» **Task prompt**: Exercise in exact copying: restate word for word only the lines below from the one containing "Внутри установлен автоматический" through the one containing "湖北省鄂东南省级示范高中2024-2025学年下学期4月高一联考历史", omitting any pictures.

» **Provided records**:
════

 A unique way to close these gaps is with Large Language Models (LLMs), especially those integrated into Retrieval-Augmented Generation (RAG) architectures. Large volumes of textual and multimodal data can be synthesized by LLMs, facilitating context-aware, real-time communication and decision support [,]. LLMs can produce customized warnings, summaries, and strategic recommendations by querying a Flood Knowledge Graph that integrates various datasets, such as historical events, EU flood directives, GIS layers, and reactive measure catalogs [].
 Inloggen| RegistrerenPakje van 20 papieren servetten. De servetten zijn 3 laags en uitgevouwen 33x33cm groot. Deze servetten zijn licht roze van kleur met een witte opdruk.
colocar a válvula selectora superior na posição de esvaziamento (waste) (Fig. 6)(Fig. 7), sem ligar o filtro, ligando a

════

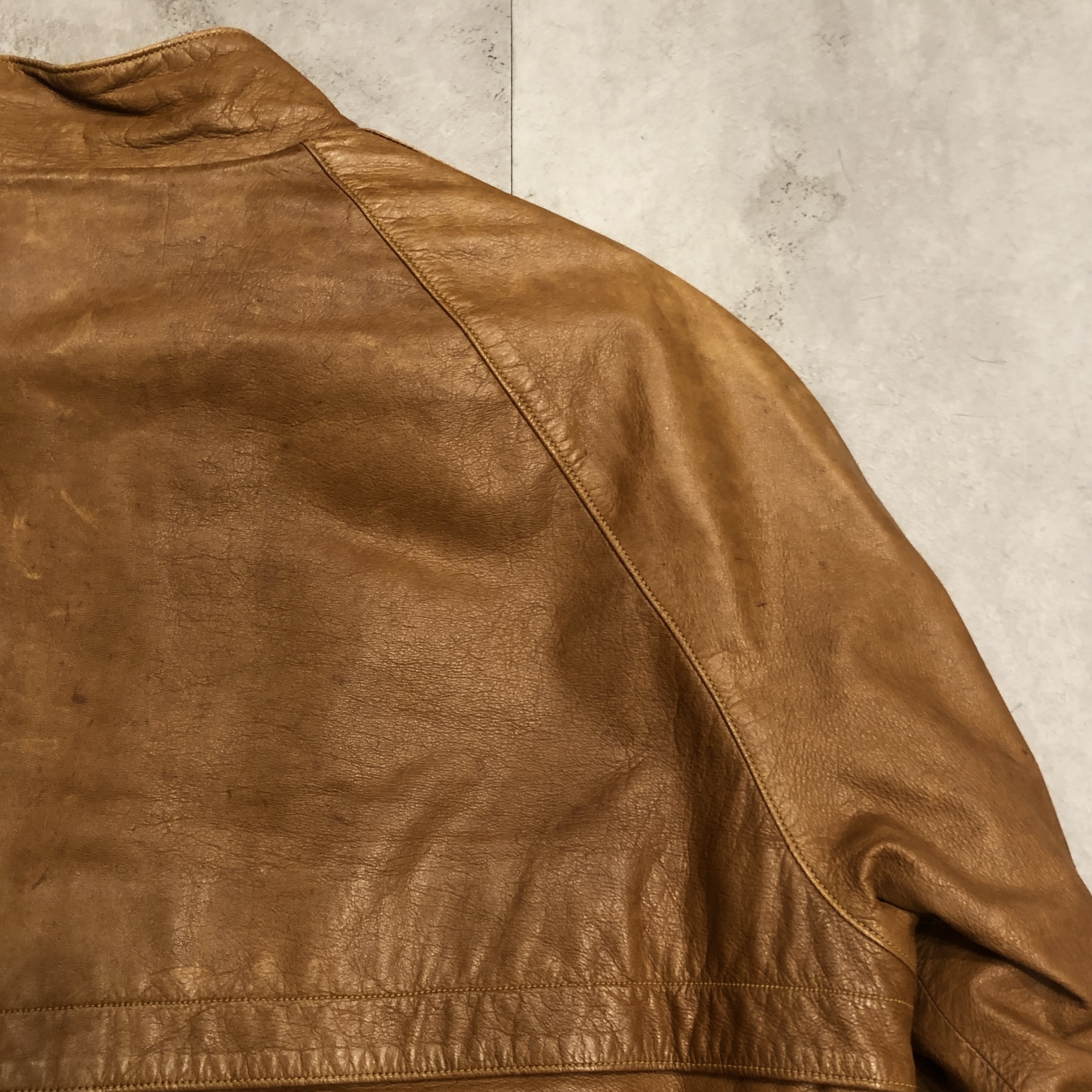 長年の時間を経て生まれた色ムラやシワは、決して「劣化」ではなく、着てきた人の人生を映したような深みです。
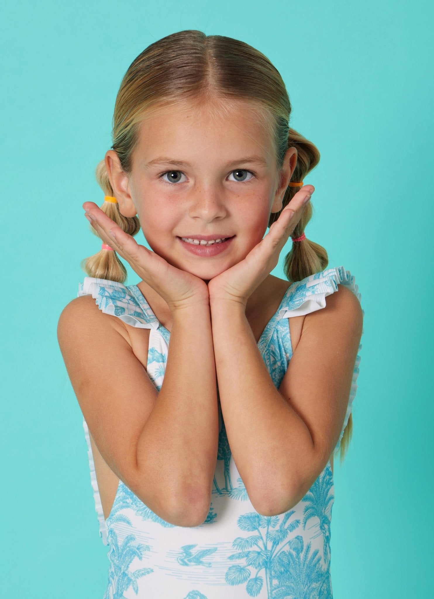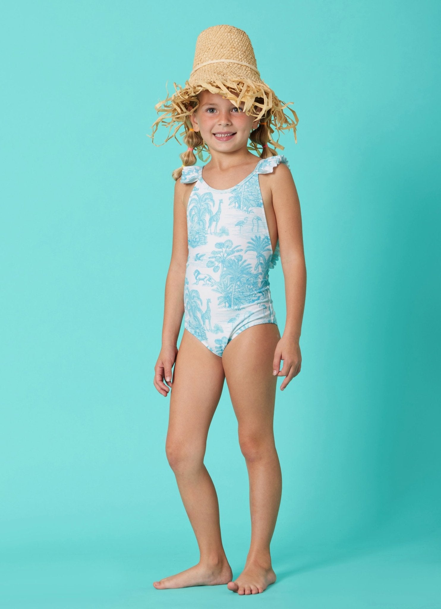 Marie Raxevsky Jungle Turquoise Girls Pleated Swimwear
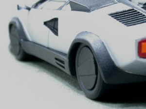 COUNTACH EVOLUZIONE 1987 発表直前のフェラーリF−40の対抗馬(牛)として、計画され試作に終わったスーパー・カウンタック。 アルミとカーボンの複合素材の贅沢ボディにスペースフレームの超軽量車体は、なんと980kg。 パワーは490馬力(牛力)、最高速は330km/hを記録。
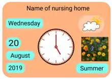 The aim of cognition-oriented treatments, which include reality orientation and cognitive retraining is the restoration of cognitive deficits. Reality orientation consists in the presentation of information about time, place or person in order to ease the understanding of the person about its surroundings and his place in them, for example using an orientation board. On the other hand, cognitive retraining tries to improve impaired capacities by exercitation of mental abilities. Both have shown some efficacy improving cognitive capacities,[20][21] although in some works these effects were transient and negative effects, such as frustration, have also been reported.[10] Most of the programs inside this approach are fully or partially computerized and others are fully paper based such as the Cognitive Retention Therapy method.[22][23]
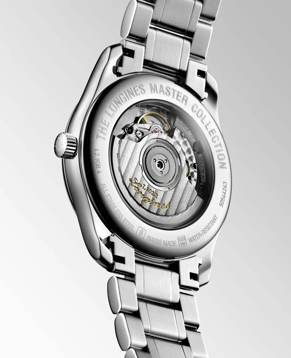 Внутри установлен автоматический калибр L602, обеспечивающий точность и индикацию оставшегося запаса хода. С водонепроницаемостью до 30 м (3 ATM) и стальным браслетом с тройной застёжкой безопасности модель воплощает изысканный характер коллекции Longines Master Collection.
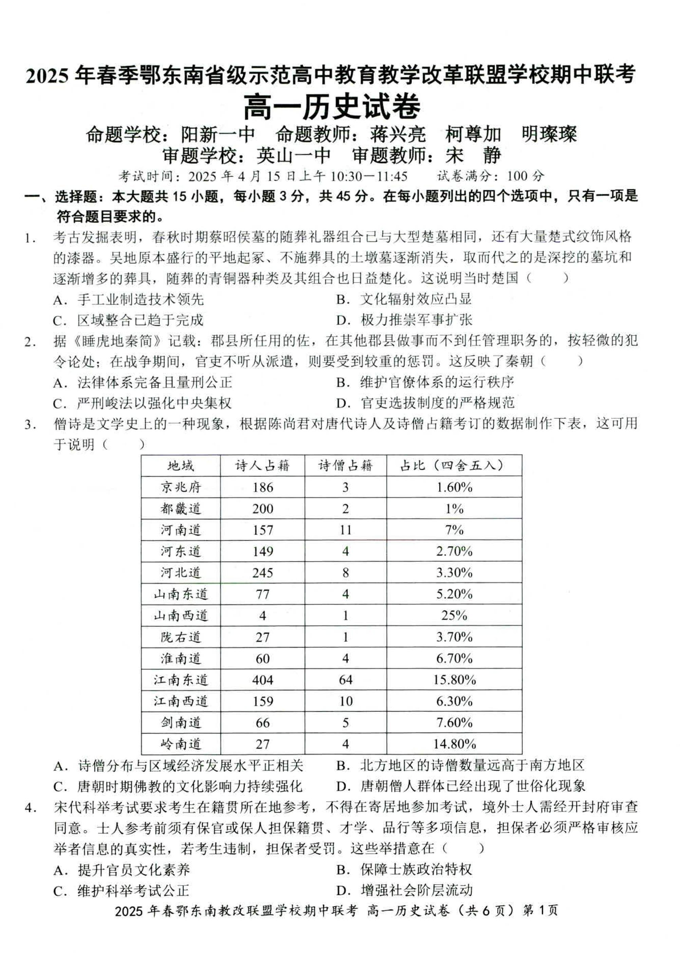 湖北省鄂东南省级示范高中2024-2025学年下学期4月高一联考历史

════

» **Output of the task**:
 Внутри установлен автоматический калибр L602, обеспечивающий точность и индикацию оставшегося запаса хода. С водонепроницаемостью до 30 м (3 ATM) и стальным браслетом с тройной застёжкой безопасности модель воплощает изысканный характер коллекции Longines Master Collection.
 湖北省鄂东南省级示范高中2024-2025学年下学期4月高一联考历史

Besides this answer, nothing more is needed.